Life after Life is a short film featuring artist Bisan Hussam Abu Eisheh, based on Guelwaar (1992) by Ousmane Sembene, in which a deceased man is buried in the wrong grave. As a sequel, Life after Life commences when its protagonist wakes up in the wrong heaven, and must find how to get by in this unforeseen condition. The film was developed alongside a system of signage produced for the Jerusalem Show VIII, curated by Vivian Ziherl. Previously titled The Hereafter, Life after Life is a commission of Al-Ma'mal Foundation, produced with the support of the Mondriaan Fund.
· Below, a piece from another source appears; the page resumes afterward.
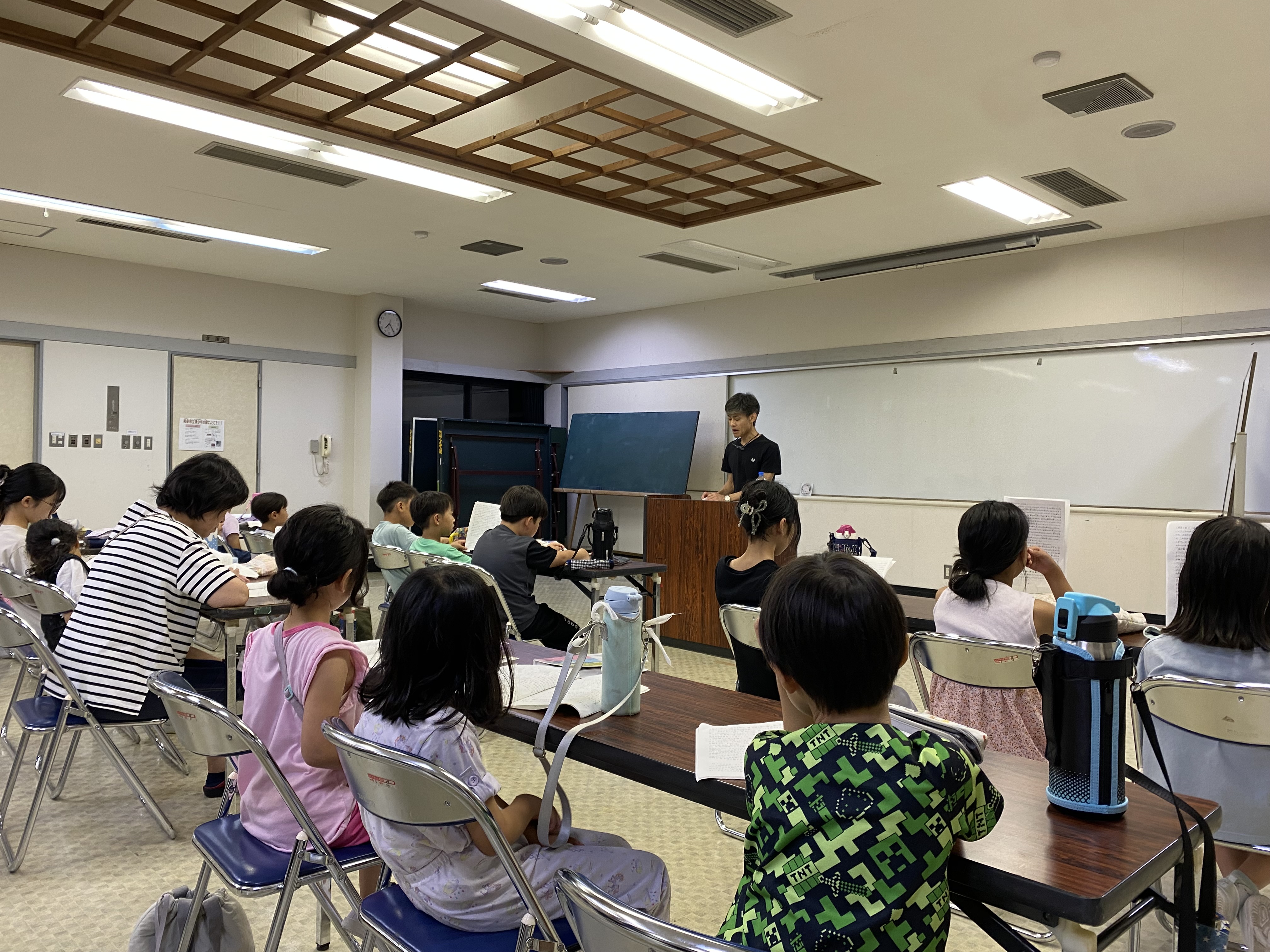 ご飯の後は主題講演です。 疲れている子どもたちでしたが、真剣に話を聞いていました。
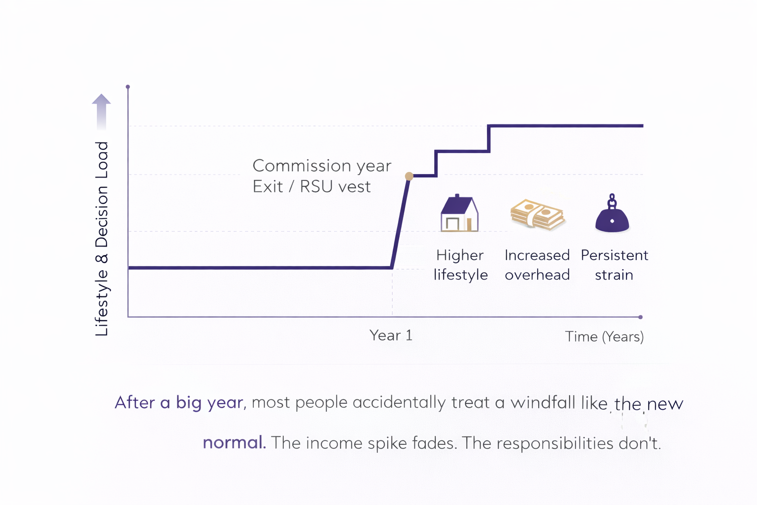 It does not matter whether the money came from commissions, equity compensation, or a liquidity event. Once it is in your account, your lifestyle adjusts.

Life after Life will be followed with a lyrical performance about the hereafter, drawing from the “Ideal Syllabus,” an article published in 2018 by Nyampeta in frieze issue 192. In 2013, Nyampeta began translating Comment vivre ensemble (How to Live Together), the lectures series by Roland Barthes at the Collège de France from 1977. But shortly after his ambitious intention, a translation by Kate Briggs, How To Live Together: Novelistic Simulations of Some Everyday Spaces was published by Columbia University Press, so he started doing something else. That something else, though, includes an ongoing study of what constitutes a "living space”, and in particular, its continuity with ideas around the “hereafter". The performance is a continual reading of fragments from some of the books that have had an impact on Nyampeta's thinking. Some of the books are read for the first time, some others are revisited, and others remain to be read. The evening starts with the trailer of Sometimes It Was Beautiful (2018), commissioned by Maria Lind at Tensta Konsthall; and it extends with a live streaming of Radius, which plays the evening’s soundtrack of songs related to Nyampeta’s films and reading.